DATA SHOWN -
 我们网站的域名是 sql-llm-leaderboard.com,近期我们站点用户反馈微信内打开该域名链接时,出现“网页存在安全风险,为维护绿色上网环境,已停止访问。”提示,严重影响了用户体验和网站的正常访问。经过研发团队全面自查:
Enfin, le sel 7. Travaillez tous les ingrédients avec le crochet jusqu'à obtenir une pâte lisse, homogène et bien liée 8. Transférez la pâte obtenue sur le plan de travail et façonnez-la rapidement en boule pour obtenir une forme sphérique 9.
* * *
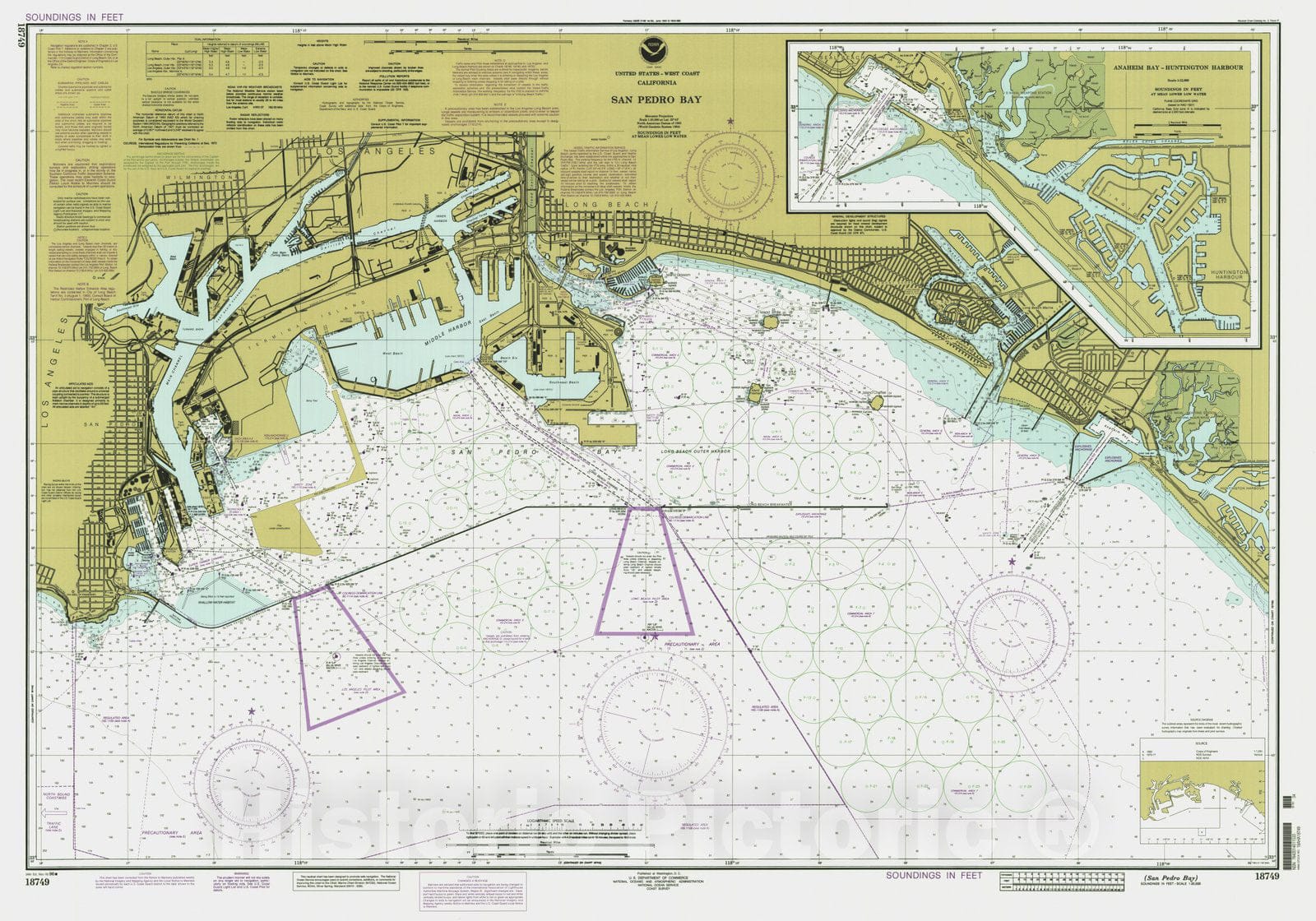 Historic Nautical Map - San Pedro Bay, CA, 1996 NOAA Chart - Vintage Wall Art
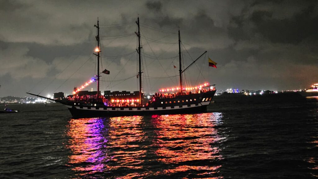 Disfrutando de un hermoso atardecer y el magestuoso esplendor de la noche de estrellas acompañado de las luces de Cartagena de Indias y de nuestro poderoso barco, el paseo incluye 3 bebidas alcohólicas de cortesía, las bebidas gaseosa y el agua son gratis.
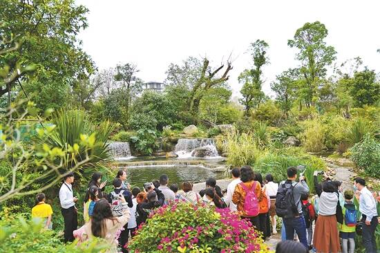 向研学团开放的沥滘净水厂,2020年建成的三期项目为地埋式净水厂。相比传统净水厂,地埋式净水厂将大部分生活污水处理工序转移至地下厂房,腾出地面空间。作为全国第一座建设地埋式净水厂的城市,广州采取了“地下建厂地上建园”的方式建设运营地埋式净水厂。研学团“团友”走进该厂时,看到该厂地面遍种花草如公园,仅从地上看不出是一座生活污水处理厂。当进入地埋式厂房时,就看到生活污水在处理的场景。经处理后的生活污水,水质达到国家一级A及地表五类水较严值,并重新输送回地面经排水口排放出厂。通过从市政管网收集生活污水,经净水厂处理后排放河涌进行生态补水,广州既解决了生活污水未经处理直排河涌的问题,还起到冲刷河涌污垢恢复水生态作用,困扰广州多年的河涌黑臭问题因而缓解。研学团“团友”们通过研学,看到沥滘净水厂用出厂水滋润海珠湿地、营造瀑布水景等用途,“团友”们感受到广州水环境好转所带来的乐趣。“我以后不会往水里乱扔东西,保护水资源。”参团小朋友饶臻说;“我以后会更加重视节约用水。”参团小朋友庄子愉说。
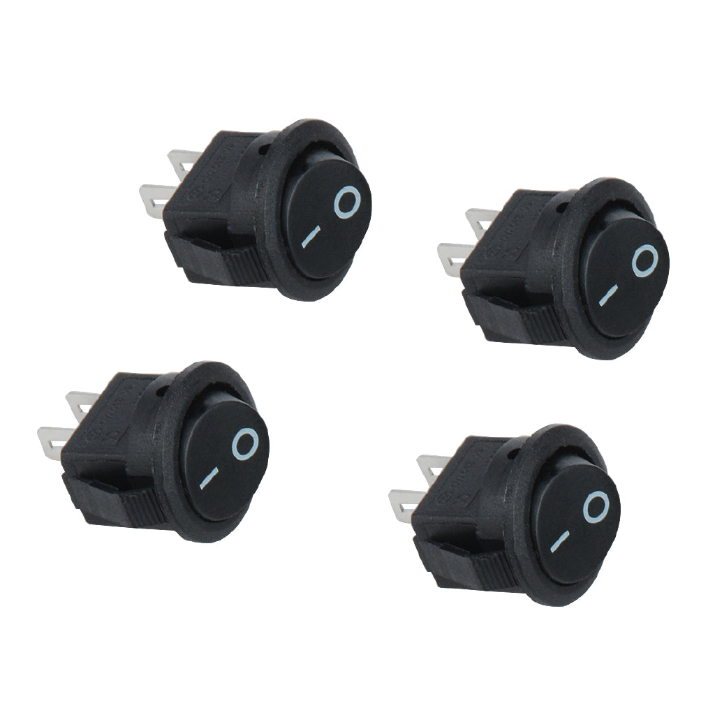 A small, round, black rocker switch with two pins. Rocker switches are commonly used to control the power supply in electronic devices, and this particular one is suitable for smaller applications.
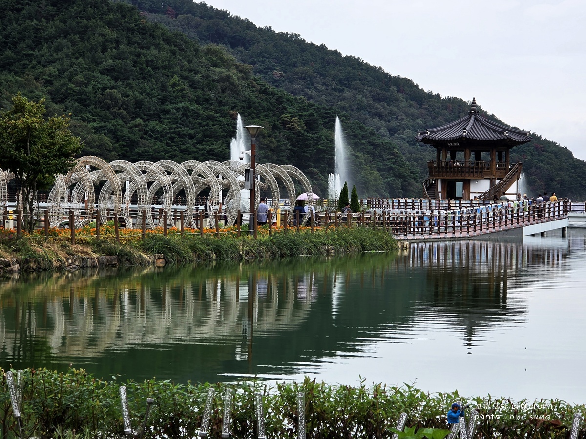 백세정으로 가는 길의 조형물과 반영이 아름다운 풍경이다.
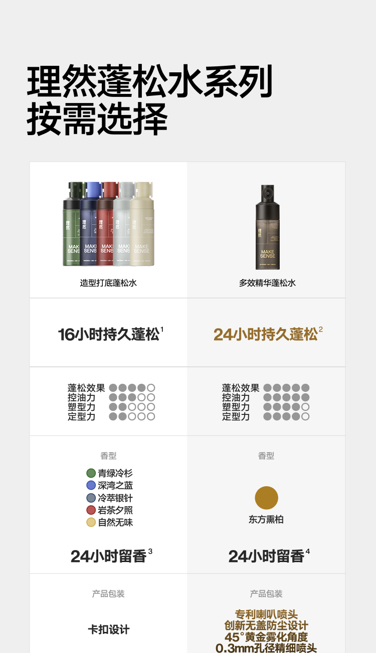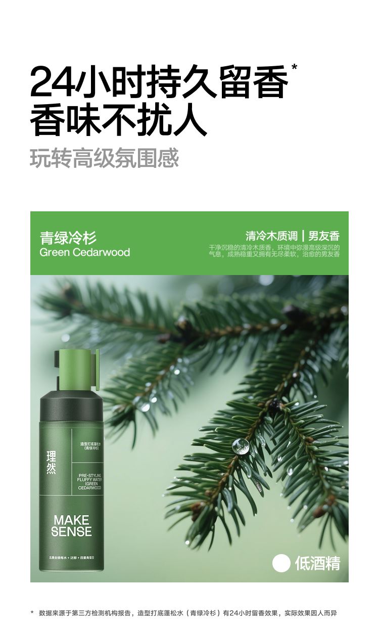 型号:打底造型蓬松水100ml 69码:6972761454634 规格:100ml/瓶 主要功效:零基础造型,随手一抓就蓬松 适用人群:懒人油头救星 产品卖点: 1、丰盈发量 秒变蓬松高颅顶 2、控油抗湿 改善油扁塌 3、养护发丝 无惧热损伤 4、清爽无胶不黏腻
* * *
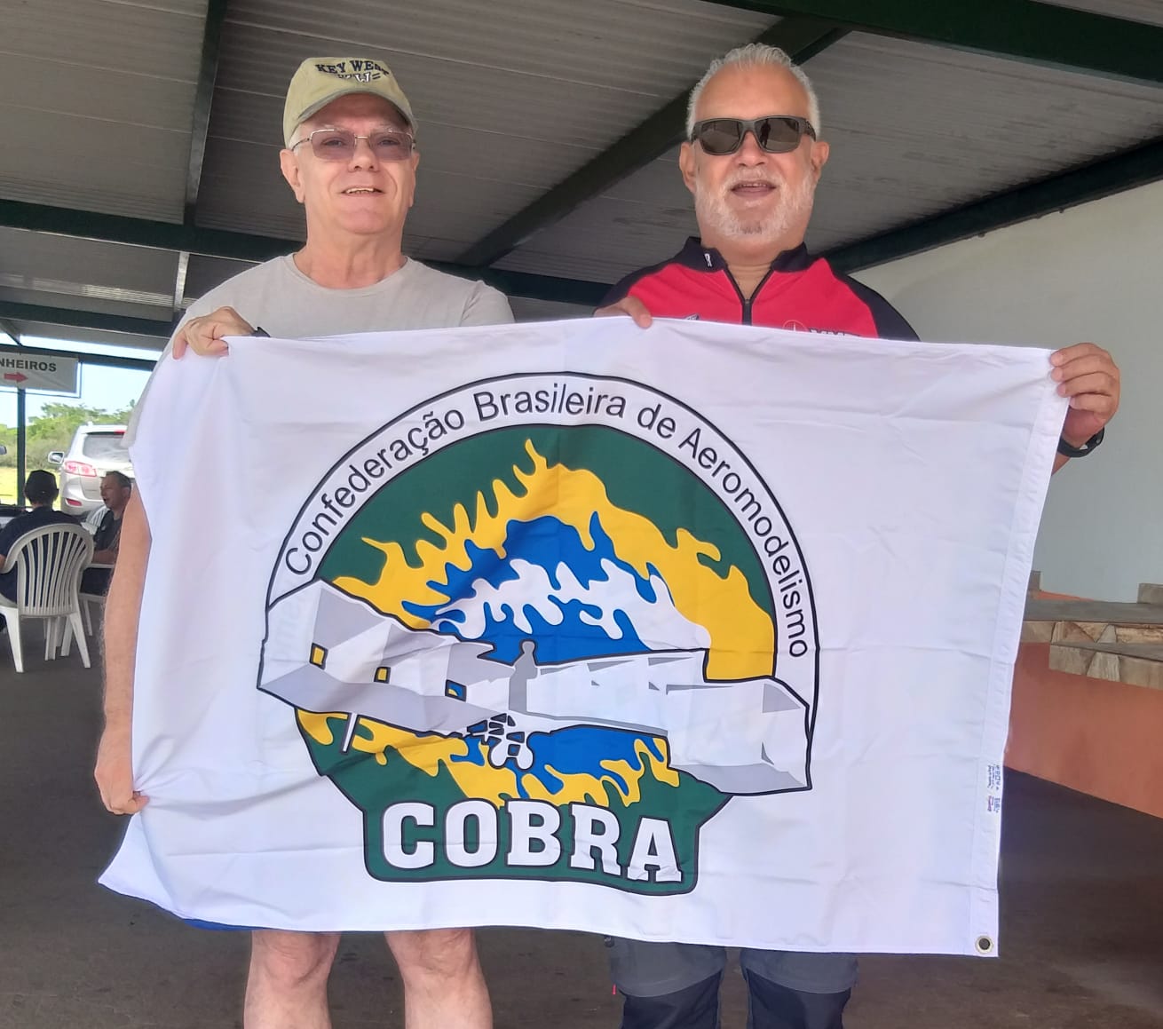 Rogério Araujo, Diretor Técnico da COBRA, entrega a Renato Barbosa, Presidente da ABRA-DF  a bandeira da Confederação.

EXERCISE DESCRIPTION -
Of the lines above, copy only those from the one holding "백세정으로 가는 길의 조형물과 반영이 아름다운 풍경이다." to the one holding "型号:打底造型蓬松水100ml 69码:6972761454634 规格:100ml/瓶", both included, and exclude every image.

RESULT OF THIS EXERCISE -
 백세정으로 가는 길의 조형물과 반영이 아름다운 풍경이다.
 型号:打底造型蓬松水100ml 69码:6972761454634 规格:100ml/瓶 主要功效:零基础造型,随手一抓就蓬松 适用人群:懒人油头救星 产品卖点: 1、丰盈发量 秒变蓬松高颅顶 2、控油抗湿 改善油扁塌 3、养护发丝 无惧热损伤 4、清爽无胶不黏腻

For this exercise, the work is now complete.